KR20130081587A - Safety stop device of elevator - Google Patents

Abstract

PURPOSE: A permanent activation type elevator safety brake system is provided to enable a safe brake in a structure of merging a mechanical mode and an electrically-powered mode by driving any one brake shoe of two brake shoes by a solenoid. CONSTITUTION: An electrically-powered mode brake device and a mechanical brake device are respectively formed in both sides of a guide rail (A) by being built in a brake housing. The electrically-powered brake device comprises 'a brake shoe which includes a hauling hole binding groove', a hauling hole, a guide plate, and a solenoid. The hauling hole is combined with the hauling hole binding groove by a shaft. The guide plate is equipped with a V shape groove in order to closely support the brake shoe. A hauling rope is connected to the end part of the hauling rod of the solenoid.

Description

Safety braking device for always-operating elevator {SAFETY STOP DEVICE OF ELEVATOR}

The present invention relates to a safety braking device for an always-on type elevator, and more particularly, as a safety braking device for an elevator to replace a rope brake, it is possible to brake even when all the ropes are cut, and the normal operating state of the elevator.
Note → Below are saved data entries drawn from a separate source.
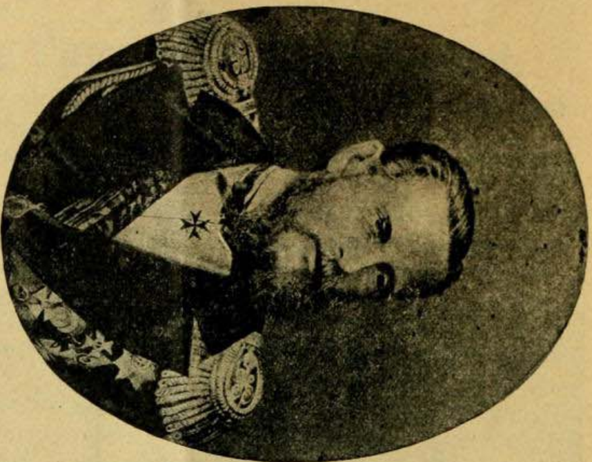
Генералъ-Адмиралъ Е. И. В. Великій Князь КОНСТАНТИНЪ НИКОЛАЕВИЧЪ (съ 1831 по 1892 г. г.). Родился 9 сент. 1827 г. † 13 янв. 1892 г.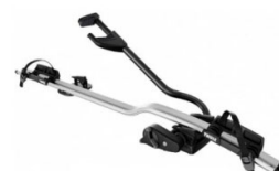
Expert 298 1-db-os kerékpártartó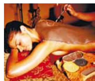
Все виды массажа

Знаю точно, что многие женщины посещают косметические салоны в го-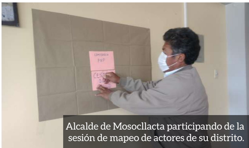
Alcalde de Mosocllacta participando de la sesión de mapeo de actores de su distrito.

contenidos relacionados a la Ley 30364 y su reglamento como también las funciones que realizan las instituciones públicas al momento de asistir, proteger, recibir denuncias y sancionar mediante un proceso judicial y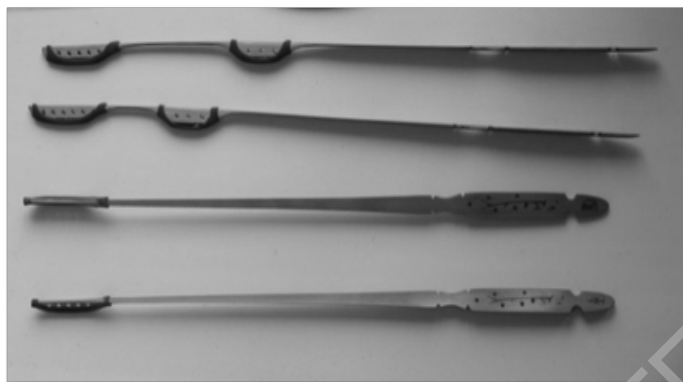
Рисунок 3 – Палочки

При производстве янция используется древесина твердых пород. Дека украшается резными узорами с национальной тематикой – драконами, цветами и т. д. Цимбалы устанавливаются на деревянную подставку, при изготовлении которой мастер вырезает сложные орнаменты, давая волю своей творческой фантазии. На двух передних ножках подставки встроены колесики, что значительно облегчает перемещение инструмента (Рисунок 2). Играют на янции с помощью двух 33-сантиметровых бамбуковых палочек с резиновыми наконечниками. Молоточки держат между большими и указательными пальцами рук. На одной палочке может иметься сразу два наконечника (рисунок 3), размещенных на таком расстоянии, чтобы при ударе ими по струнам звучали терция (в правой руке) или кварта (в левой руке). Таким образом, при одновременном ударе обеих рук музыкант может извлекать аккорды от двух до четырех звуков.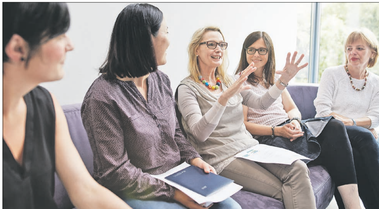
Ein Elternkreis für Eltern von Kindern mit besonderem Unterstützungsbedarf

„Wir laden alle Eltern, deren Kinder einen besonderen Unterstützungsbedarf haben, zu diesem offenen Elternkreis ein. Lernen Sie andere Eltern kennen, die ähnliche Erfahrungen wie Sie gemacht haben. Der Elternkreis bietet: gegenseitiges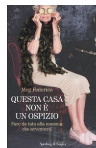
Questa casa non è un ospizio Federico Meg Sperling & Kupfer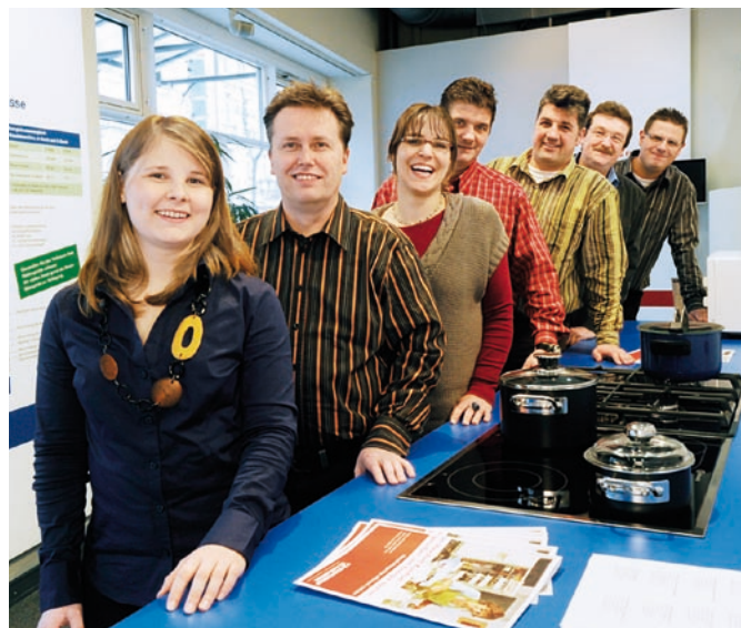
Ihr Kundenberater-Team der Stadtwerke

Weitere Informationen über Energiedienstleister, Anbieter von Energieeffizienzmaßnahmen und zu Energieaudits finden Sie auf der Webseite der Bundesstelle für Energieeffizienz (BfEE) unter www.bfee-online.de . Infos zu Verbraucher-Organisationen und Energieagenturen gibt es unter www.energieeffizienz-online.info .

The present invention relates to a safety brake device for an always-on type elevator, which maintains a braking state at all times even in an elevator stop state.

In general, an elevator, also called an elevator, carries a passenger or a cargo while vertically lifting and lowering the hoistway, which is essentially installed in all high-rise buildings due to its convenience.

An elevator structure typically consists of a machine room, hoistway, elevator cage, wire rope, or the like. The uppermost machine room contains the main power switch, control panel, hoist and motor, laminar selector and governor, and the elevator cage, counterweight, guide rail, guide shoe (guide roller), hoist rope, governor rope and safety brake. device), moving cable, limit switch and buffer device at the bottom.

In the elevator having the structure described above, the governor located in the machine room senses the speed of the elevator cage and if the speed increases above the rated speed, the elevator cage is forcibly stopped for the safety of passengers and cargo. As follows.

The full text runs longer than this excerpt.